Congratulations to composer Ben Frost and dancer Lee Serle on being chosen for a year of mentoring in the Rolex Arts Initiative. Each year the program awards six mentorships to outstanding emerging artists working in dance, film, literature, music, theatre and visual art. This year, rather remarkably, two of the six awards were given to Australians. In the music category, Frost, a 30-year-old composer, producer and musician originally from Melbourne but now based in Reykjavik, will be mentored by the composer Brian Eno. You might have heard Frost’s music in the Chunky Move productions Glow, Black Marrow and Mortal Engine, or his album Steel Wound. In the dance category, Lee Serle, who is 28, will be mentored by renowned American choreographer Trisha Brown. He graduated from the VCA in 2003 and has appeared with Lucy Guerin Inc and in Chunky Move’s Mortal Engine, I Want to Dance Better at Parties, Two Faced Bastard and I Like This. His choreographic credits include A Little Murky and I’m in Love.

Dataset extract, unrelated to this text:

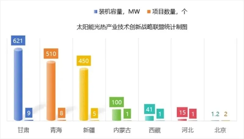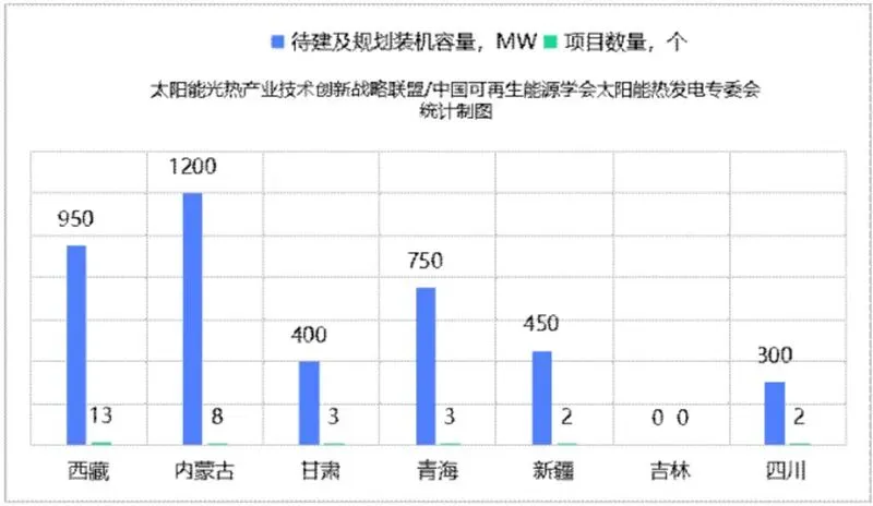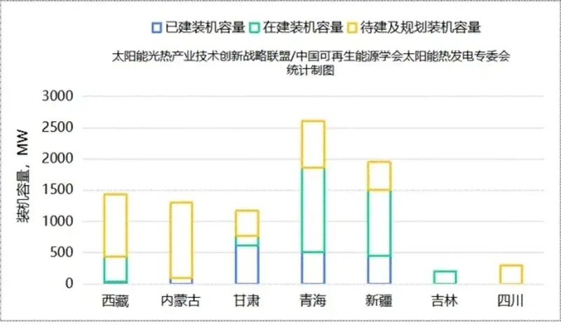 2025年1月1日起实施的《中华人民共和国能源法》第二十五条规定:“积极发展光热发电”,这为光热发电的持续发展奠定了法律根基。2025年国家相关部门共发布太阳能热发电相关政策文件十余项。其中,2025年12月23日,国家发展改革委 国家能源局联合印发的《关于促进光热发电规模化发展的若干意见》(发改能源〔2025〕1645号)是专门性文件,其中明确提出,光热发电是实现新能源安全可靠替代传统能源的有效手段,是加快构建新型电力系统的有效支撑。充分发挥光热发电对新型电力系统的支撑调节作用。挖掘光热发电作为绿色低碳基础保供电源潜力,推动光热的系统保供价值转化,提高新型电力系统绿色可靠支撑容量比重。支持配置电加热系统的光热电站通过电力市场发挥系统长时储能电站功能。《蓝皮书》介绍,太阳能热发电是将太阳辐射转化为热能,通过热功转换过程发电的系统。太阳能热发电聚光形式主要包括塔式聚光、槽式聚光、线性菲涅尔式聚光、碟式聚光、轮式聚光、旋转塔式聚光、二次和多次反射式聚光、透射式聚光等八种。在装机容量方面,《蓝皮书》显示,2025年,我国新增并网光热电站9座、总装机容量900MW。截至2025年底,我国建成光热电站/系统27座、累计装机容量1738.2MW(含首座200kW超临界二氧化碳光热发电基础研究实验系统),较2024年增长107%,位居全球第三;其中,并网光热发电机组容量1720MW。根据太阳能光热产业技术创新战略联盟/中国可再生能源学会太阳能热发电专业委员会统计,处于实质性建设阶段的光热发电项目约25个,总装机容量3000MW;其中,两座350MW独立光热电站于2025年底启动建设。我国待建及规划的太阳能热发电项目数量约31个、总装机容量约4050MW(不包括尚未明确装机容量的项目)。图:我国已建光热发电累计装机容量(截至2025年)在各省区光热电站建设情况方面,太阳能光热产业技术创新战略联盟/中国可再生能源学会太阳能热发电专委会统计,截至2025年,甘肃省累计装机规模最大(621MW,含兰州大成1MW屋顶线菲式光热发电系统),青海省次之(510MW),新疆位居第三(450MW)。在建的光热发电项目方面,青海省在建光热发电装机规模最大,达到1350MW;新疆次之(1050MW);西藏位居第三(250MW)。太阳能光热产业技术创新战略联盟/中国可再生能源学会太阳能热发电专委会根据公布的信息以及初步核实发现,内蒙古、西藏和青海宣布待建和规划的光热发电装机容量位居前列,总计约3000MW。根据《关于促进光热发电规模化发展的若干意见》提出的目标:到2030年,我国光热发电发展总装机规模力争达到15000MW左右,在现有所有项目基础上(假设待建规划项目均落地),未来5年还需要开发建设光热发电项目装机约6000MW。图:2025年底,全球主要国家和地区光热发电累计装机容量达到8800.2MW(含美国20世纪80年代建设、现已退役的8座槽式电站),同比增长11.4%在聚光形式市场占比方面,根据太阳能光热产业技术创新战略联盟/中国可再生能源学会太阳能热发电专业委员会统计,截至2025年底,在我国光热发电累计装机容量中,塔式约占70.82%,槽式约占10.93%,线菲式约占14.50%,二次反射式约占2.88%,类菲涅耳式约占0.86%,超临界二氧化碳式约占0.01%。而国外主要国家和地区中,槽式约占79.97%,塔式约占17.28%,线菲式约占2.75%。在光热发电示范项目运行方面,《蓝皮书》分别列示了首批太阳能热发电示范项目的技术参数和年度运行情况。7座早期建设的光热电站,2025年度总计发电量超过11.789亿kWh。鲁能格尔木多能互补工程50MW塔式光热电站2025年发电量达到1.482327亿kWh,同比增长55.92%。中船新能乌拉特中旗100MW槽式光热电站2025年度发电量达到3.01亿kWh,较2024年增长8.27%。中广核德令哈50MW槽式光热示范电站和首航高科敦煌100MW塔式光热电站2025年度发电量均达到历史新高,同比发电量均提升约3.7%。青海中控德令哈50MW塔式光热电站连续第四年完成年度发电目标。兰州大成敦煌50MW线菲式光热电站2025年度主要开展进一步运行维护策略升级等,项目年发电量提高13.6%。中电建共和50MW塔式光热电站2025年度发电量同比增长6.4%。中电哈密50MW塔式光热电站由于2025年9~10月份机组大修,发电量受到影响,2025年度发电量约1.0299亿kWh。在产业链和产能方面,《蓝皮书》根据企业名称、企业经营范围、企业简介、品牌产品、企业存续等5个要素在专业软件查询得到,我国涉及光热发电的大、中、小及微型企业约6610686家,国有企业10722家,民营企业533771家,外商投资企业3469家,小微企业458861家。产业链中,制造业单位36884家,其中,通用设备制造业4011家,专用设备制造业1460家。在制造能力方面,以平面反射镜产能为例,按照“原则上每100MW电站的镜场面积不应少于80万平方米”的要求粗略计算,我国主要反射镜企业年产能能够支撑约5300MW光热电站的安装。在技术研发和成果认定方面,2025年我国启动的太阳能热发电相关国家重点研发计划项目有4个,处于执行期间的太阳能热发电相关国家重点研发计划项目约13个。在标准方面,截至2025年底,IEC/TC 117共发布太阳能热发电国际标准11项。我国现行光热发电国家标准约33项,处于起草阶段的5项。2025年,国家能源局下达太阳能热发电相关行业标准计划共计24项。截至2025年底,太阳能光热产业技术创新战略联盟共发布联盟标准22项,其中光热发电相关联盟标准14项。2025年,部分太阳能热发电

Given the pair’s connection with Chunky Move, artistic director Gideon Obarzanek is understandably delighted. Though Frost and Serle are Australia’s third and fourth Rolex protégées, they are the first from the live arts categories as well as the first Victorians. The previous Australian winners were both novelists from New South Wales: Julia Leigh, mentored by Toni Morrison in 2002-03 and Tara June Winch by Wole Soyinka in 2008-09. Frost and Serle will each be mentored across a year and in addition will receive US$25,000 and be eligible for a further US$25,000 to create a project in the subsequent year. Rolex Mentor & Protégé Arts Initiative

Paolo Castro, Superheroes Paolo Castro, Superheroes
photo RODEO
everyday heroes & superheroes

Everyone loves a hero, flawed or otherwise. If you prefer them humble and homemade, then you’re bound to be pleased by NightTime State Wide: Everyday Hero. Like previous NightTime programs (see RT78 and RT91). Everyday Hero is an evening of short, live artworks curated by Lara Thoms and, this time, Jess Olivieri. Created by emerging and established Sydney artists such as John A Douglas, Renny Kodgers, Julie-Anne Long, Jason Pitt with Jade Dewi, Natalie Randall, Justin Shoulder, Anna Tregloan with Rita Kalnejais, and David Franzke and Alice Williams, the evening explores a range of everyday heroes: stay-at-home mums, unconventional fathers, child starlets, and even yourself (you get to try on a superhero costume). If you missed them in June at Performance Space, then you can see these heroes in action at Tamworth Regional Gallery (July 31), Lake Macquarie City Art Gallery (October 16), and Orange Regional Gallery (September 4).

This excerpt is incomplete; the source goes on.